SYDNEY - Australia on Tuesday (Oct 6) unveiled plans to take on record debt to fund tax cuts and business support as it charted a path to recovery from the devastating economic effects of the Covid-19 pandemic.
Announcing its first annual budget since the Covid-19 outbreak, the ruling Liberal-National Coalition tried to restore economic confidence despite its plans to take on spiralling levels of debt. The budget deficit is due to be A$214 billion (S$209 billion) this year and the national debt is expected to peak at A$966 billion in 2024.
In his budget speech in Parliament, Treasurer Josh Frydenberg said Australia faced a difficult recovery but "we will get through this together".
"There remains a monumental task ahead," he said. "But there is hope. Australia is up to the task… The Great Depression and two World Wars did not bring Australia to its knees, neither will Covid-19."
The Federal Government's budget forecasts included some revealing assumptions about the future course of the pandemic.
It is assuming that an effective vaccine will be available by late next year. Current travel restrictions are expected to cause an overall outflow of people this year for the first time since 1946, with departures expected to exceed arrivals by 72,000.
The economy is expected to shrink by 3.75 per cent in 2020/21 before increasing - albeit off a low base - by 4.25 per cent next year.
Unemployment is expected to rise to 8 per cent later this year, before falling to 6 per cent by 2023.
Australia had enjoyed 28 years of consecutive growth before the pandemic plunged the nation into a recession.
But the economy has begun to recover, aided by China's continued demand for the nation's iron ore and by Australia's success in combating its Covid-19 outbreak.
As of Tuesday, Australia, which has about 25 million residents, had recorded 27,174 Covid-19 cases and 895 deaths. There were 28 new cases on Tuesday, including 15 in the state of Victoria, which continues to impose harsh restrictions - including a lockdown in Melbourne - after experiencing a second wave.
The budget focused on big-spending measures aimed at promoting business and consumer confidence.
More than eleven million Australians will receive tax cuts of up to A$49 a week, which will be backdated to July 1. An A$4 billion scheme will try to boost hiring of young workers by allowing employers to claim tax deductions of up to A$200 a week for each person they hire who is aged 16 to 35 and was receiving unemployment or other welfare benefits.
Businesses have also received tax incentives to make new investments which could assist 3.5 million firms.
Business groups largely welcomed the budget, saying its targeted spending would help to boost investment and assist employers to create jobs.
"The budget goes a long way to restoring hope and giving us confidence that we can come back stronger and better than before as we combat an unprecedented global downturn," said the chief executive of the Business Council of Australia, Ms Jennifer Westacott.
But welfare groups criticised the failure to compensate for the planned removal later this year of additional benefits that have been given to welfare recipients to help them cope with the effects of the pandemic.
Economics commentator Ross Gittins praised the decision to boost spending.
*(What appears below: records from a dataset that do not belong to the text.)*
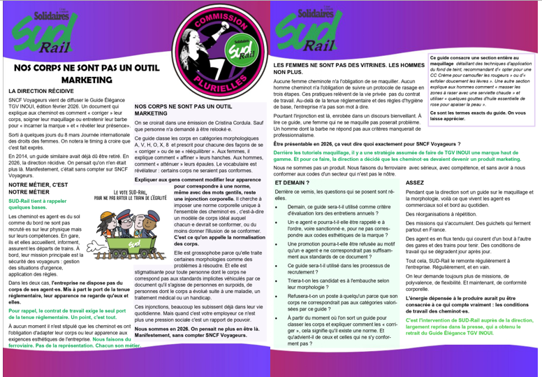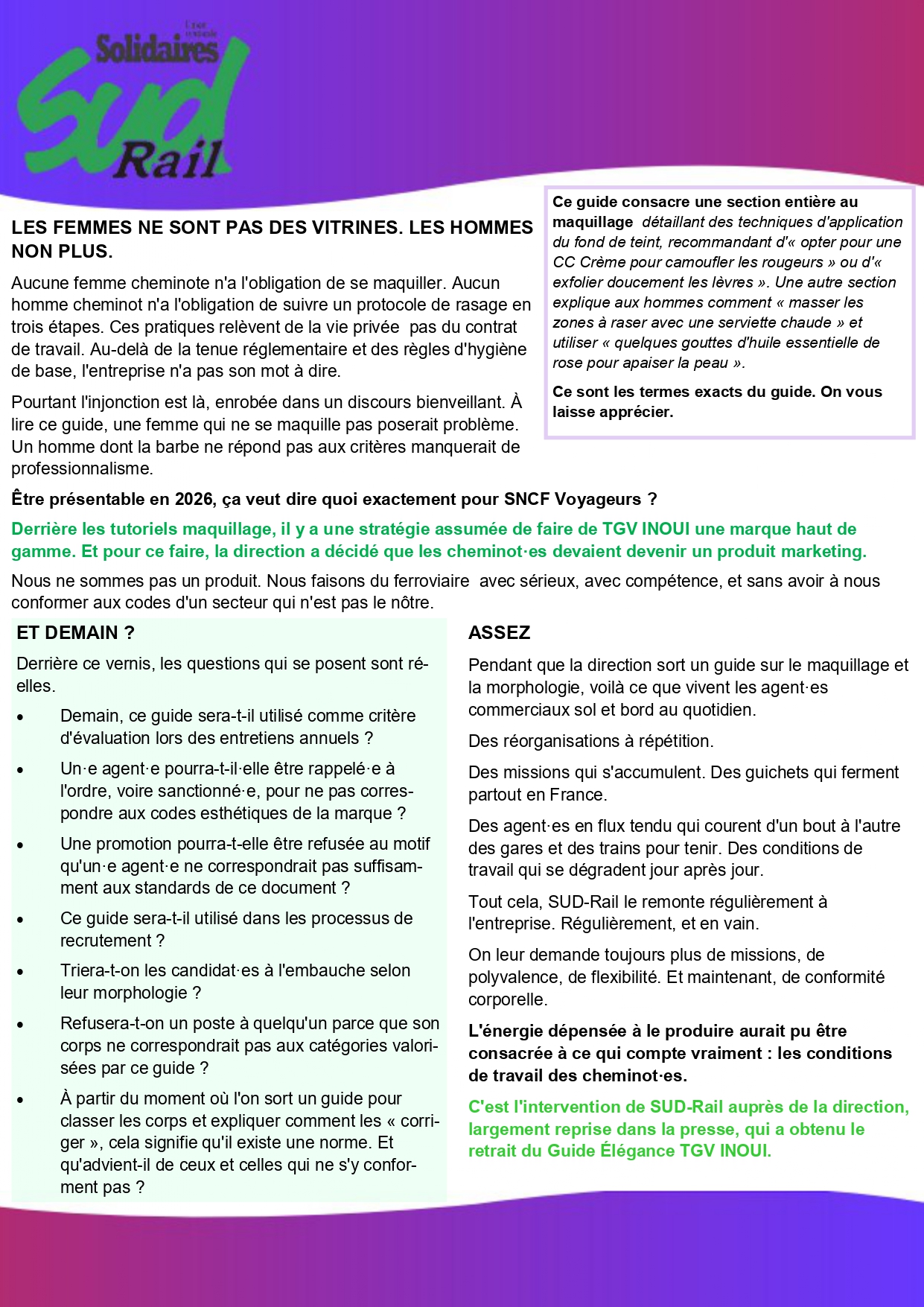 C’est l’intervention de SUD-Rail auprès de la direction, largement reprise dans la presse, qui a obtenu le retrait du Guide Élégance TGV INOUI.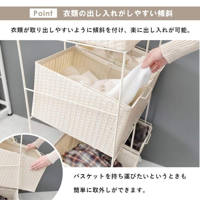 バスケットが斜めになっているので衣類を入れやすい構造です。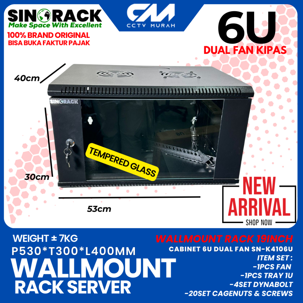 Wallmount Rack Server 6U/Rak Server Ukuran 6U Single Glass Door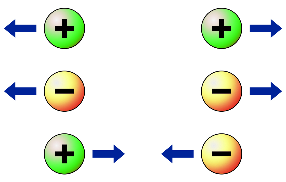 Opposite charges attract and like charges repel.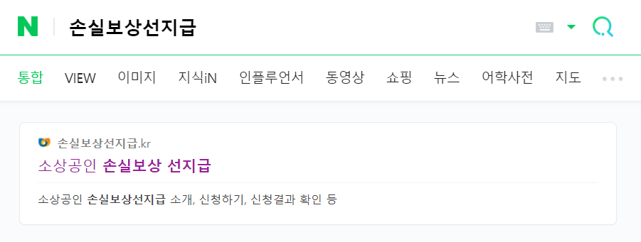 그러면 이번 19일 수요일부터 신청 접수를 받고 있는 아까 처음에 봤던 손실보상 선지급 신청하는 홈페이지로 바로 이동이 됩니다. 또 다른 방법으로는 네이버 검색창에 '손실보상선지급'으로 검색하시면 됩니다.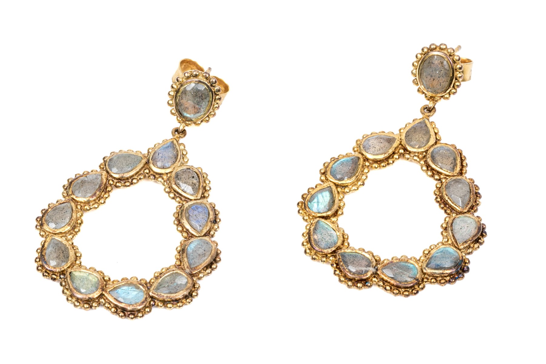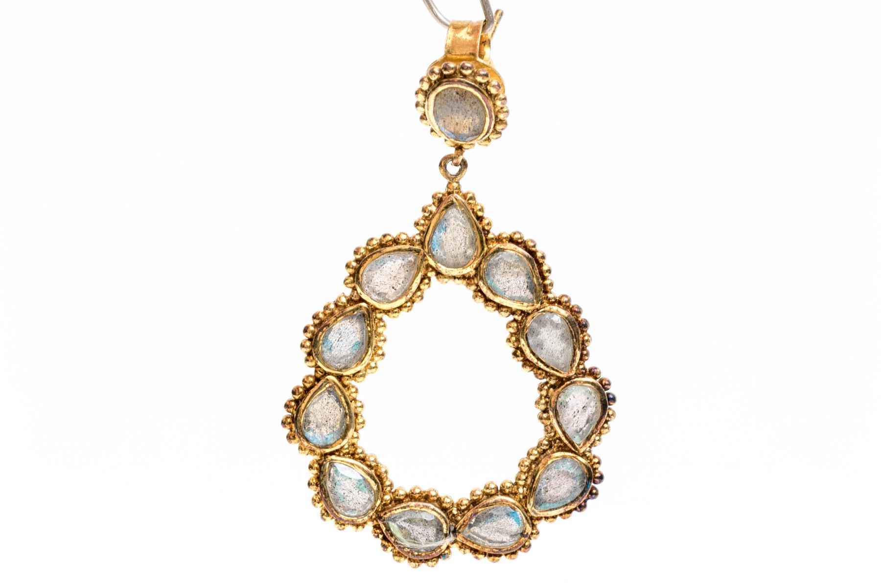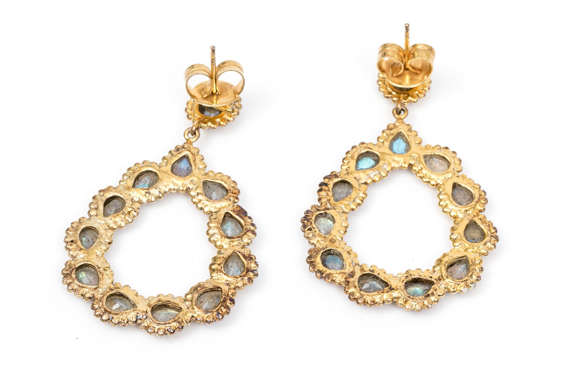 Stunning pair of vermeil sterling silver pendant earrings. The pendants of the earrings have an open design and is set with a ring of pear cut labradorite stones in beadwork. Post and clutch backings.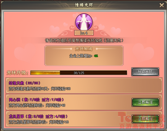 情缘光环可通过双方结缘天数、同心锁阶数、龙凤呈祥阶数的提升来获取光环经验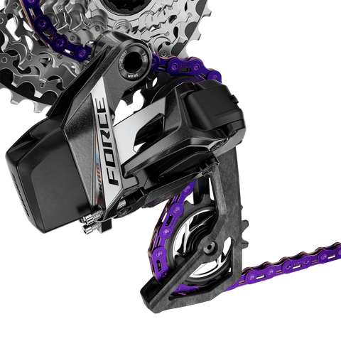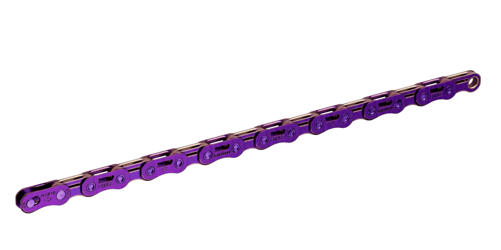 SRAM's Force Flattop CN-FRC-E1 chain is lighter, stronger and even more durable. Flattop technology creates a quieter, longer lasting chain for long rides and countless shifts. The Force chain is compatible with 12-speed road and 13-speed gravel cassettes.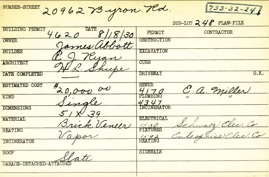 20962 Byron Road Shaker Heights, OH 44122 PARCEL ID: 733-32-024 Building Permit Date: 08-18-1930 Plan File Number: 3773 Microfilm Roll: Roll#56 Neighborhood: Mercer Owner: Abbott, James Builder: Ryan, E. J. Architect: Shupe, H. L. Estimated Cost: 20000 Kind: Single, Single Residence or Dwelling Material: Brick Veneer Heating: Vapor Roof: Slate |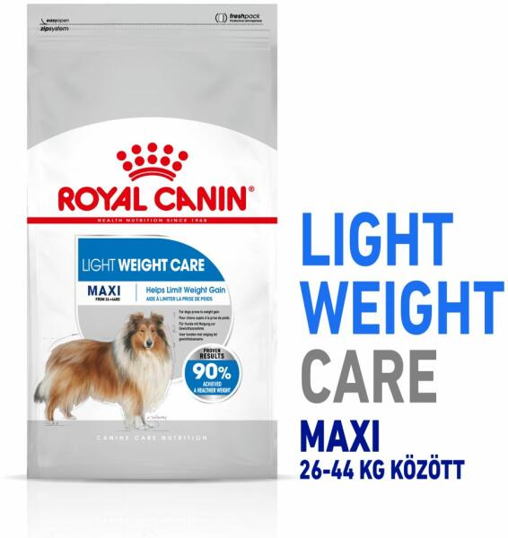 SZÁRAZTÁP Teljes értékű táp felnőtt és idős nagytestű kutyák számára (26-44 kg) 15 hónapos kortól. Hízásra való hajlam esetén. SÚLYKONTROLL A MAXI LIGHT 30%*-kal csökkenti a kutya energiafelvételét, miközben a felvett táplálékmennyiség változatlan marad. A táp elősegíti az ideális testsúly elérését a megemelt fehérjeszint (27%), az alacsony zsírtartalom (11%)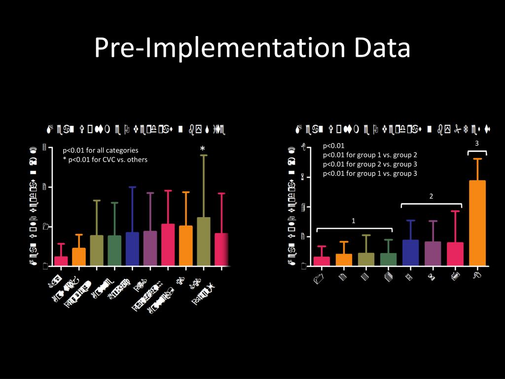 Pre-Implementation Data 3 p<0.01 p<0.01 for group 1 vs. group 2 p<0.01 for group 2 vs. group 3 p<0.01 for group 1 vs. group 3 * p<0.01 for all categories * p<0.01 for CVC vs. others 2 1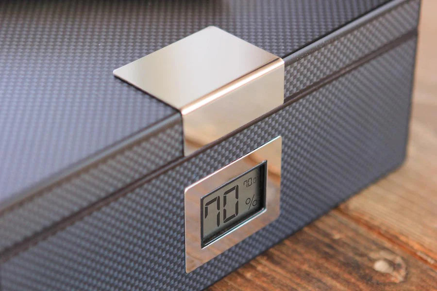 Wir stellen den Kingston Carbon Fiber Finish Humidor vor. Wir haben auf die harte Tour herausgefunden, dass die Reifung Ihrer Zigarren ein kniffliger Prozess sein kann und am Ende weitgehend ungenau ist. Um dieses branchenweite Problem zu lösen, haben wir sorgfältig ein digitales Hygrometer in die Vorderseite des Humidors eingebaut, das die Luftfeuchtigkeit präzise überwacht. Wir haben diesen Humidor gründlich in feuchten, gemäßigten und trockenen Umgebungen getestet, um die besten Feuchtigkeitsniveaus für Ihre Zigarren zu gewährleisten. Dieser Premium-Humidor verfügt über ein modernes Kohlefaser-Finish, ein digitales Hygrometer an der Vorderseite, das zum Patent angemeldete Hydro-System, spanisches Zedernholz und das dichteste Magnetgehäuse auf dem Markt.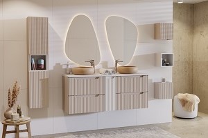 Praktické a kvalitné kúpeľňové skrinky si môžete farebne aj dizajnovo zladiť, vďaka čomu si zariadite kúpeľňu presne podľa vašich predstáv. Nadčasový kúpeľňový nábytok so skrinkami, ktoré majú dvierka a zásuvky, vám pomôže udržať si v kúpeľni poriadok. Kúpeľňové skrinky, ktoré sú doplnené LED zrkadlami, vám umožnia elegantne vyriešiť otázku osvetlenia. Lesklé skrinky v svetlých farbách a veľké zrkadlá opticky zväčšia aj tú najmenšiu kúpeľňu. Kúpeľňové skrinky bez nožičiek vám zjednodušia upratovanie a vaša kúpeľňa bude pôsobiť vzdušne. Kvalitné kúpeľňové skrinky spríjemnia vám a vašej rodine každodenné očistné rituály. Celá kúpeľňová zostava, ktorá sa skladá z praktických skriniek a umývadla či zrkadla, by mala veľkostne pasovať do vašej kúpeľne a ladiť s obkladmi aj dlažbou. Využite náš chat v pravom dolnom rohu a nechajte si poradiť s výberom umývadla a ďalšieho príslušenstva. Neváhajte, využite našu službu a objednajte si už zmontovaný tovar!
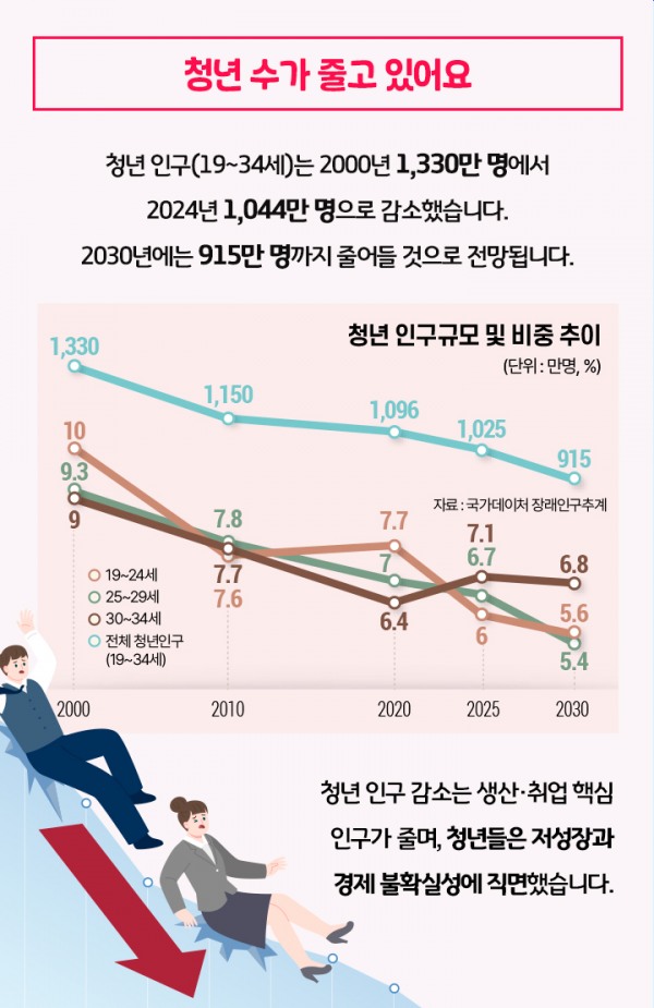청년 인구(19~34세)는 2000년 1,330만 명에서 2024년 1,044만 명으로 감소했습니다. 2030년에는 915만 명까지 줄어들 것으로 전망됩니다.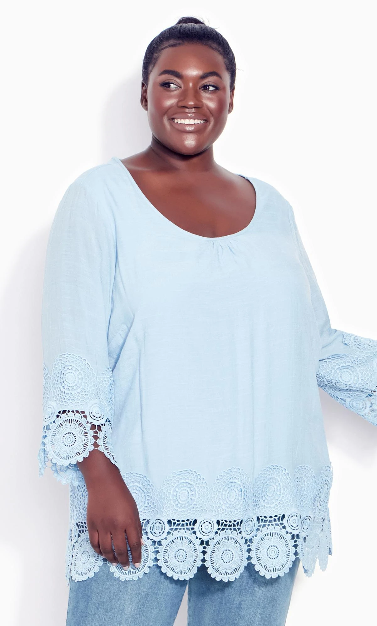 Elevate your wardrobe with the Avenue Turquoise Blue Lace Hem Top. The delicate lace hem detail adds a touch of elegance to this vibrant blue top. Embrace versatile style effortlessly, whether it’s a casual day out or a special occasion that calls for a pop of color and charm.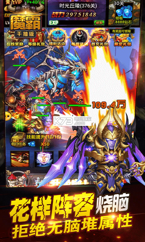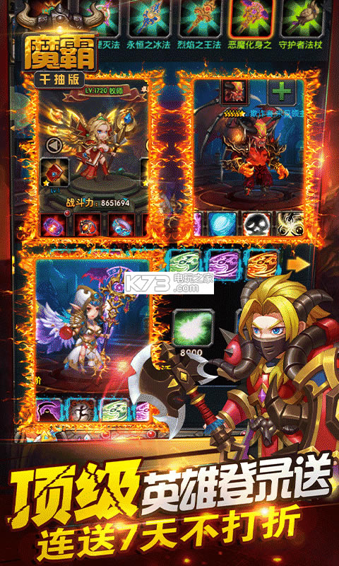 4.开服7天每天登录送顶级英雄,VIP每周领150w钻石,特权商城材料免费买,VIP礼包免费送,东西真的很多;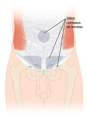 Una hernia puede ocurrir cuando hay una debilidad o un defecto en la pared del abdomen o la ingle. El intestino o los tejidos cercanos pueden moverse desde su ubicación habitual y empujar la debilidad en la pared. Esto puede causar un bulto (hernia) que se puede ver o sentir.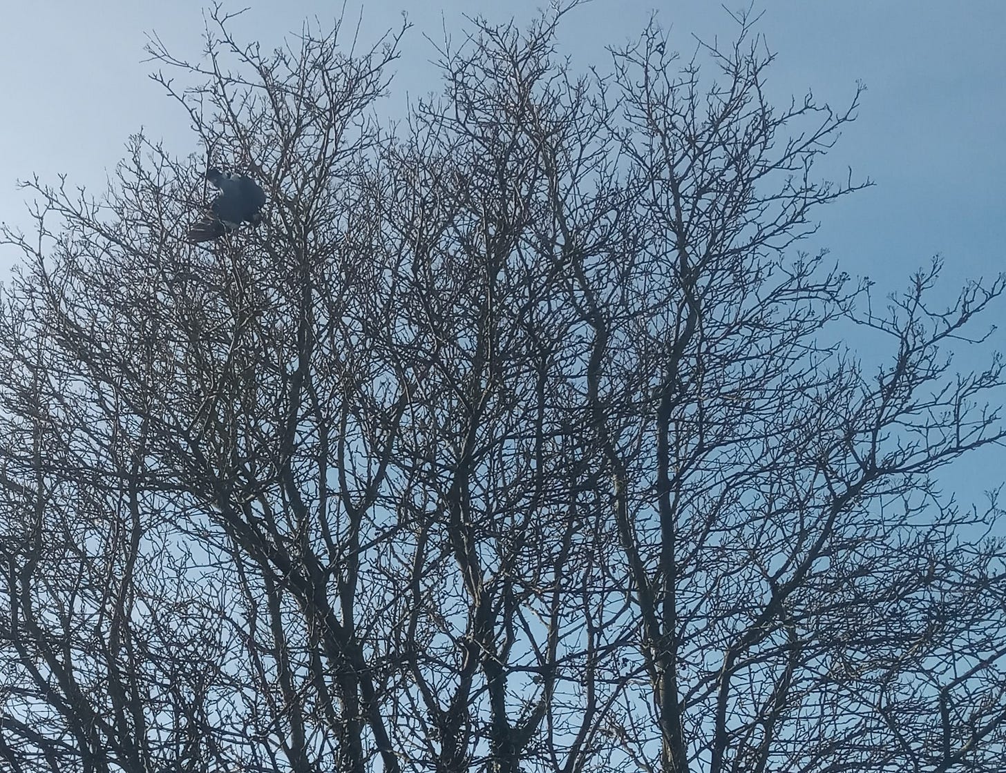 On the way to the doctor’s for a blood test, I passed a woodpigeon that appeared to be tangled in a street tree. It was still but leaning forward, its wings in a blazon as if caught mid glide. Its eye was white and wild, but they are always like that; still I was pretty sure it was stuck. I was early for my appointment but not that early. I went and came back. Then I got the loppers out of the cellar, gardening gloves, a black fleece to throw over it, scissors and my old Vietnamese army rucksack to lug all that up the tree in. It was one of those hybrid Sorbus that serve as street trees and half of its branches seemed to be dead. Not enough kids climbing trees in this village. I had to lean rather precariously to hook the loppers round the right branch and I squeezed and sawed and cursed until I’d severed it. Then I dragged it in through the other twigs and brought the bird close. It was flapping madly all the time, of course, and I roughly managed to pin its wings back with one hand. I’d seen one wing was bloodied in the struggle but, as I drew it in, it became clear that the tangled leg was lost to use. What I should have done then, in retrospect, was lop that leg straight off at the ankle. Instead I snipped away as much as I could of the fishing line that bound it to the twig. Then I snipped away the twig itself each side and then, of course, I dropped the pigeon.

But he criticised the focus on cutting taxes, saying this would do little to assist jobs or retail spending.
"This tax cut is much more about political popularity than getting the economy out of recession," he wrote in The Sydney Morning Herald.
Mr Frydenberg said: "The road to recovery will be hard - but there is hope. The Morrison Government's message to Australians is that we have your back."
The budget is typically released in May but was delayed due to the pandemic.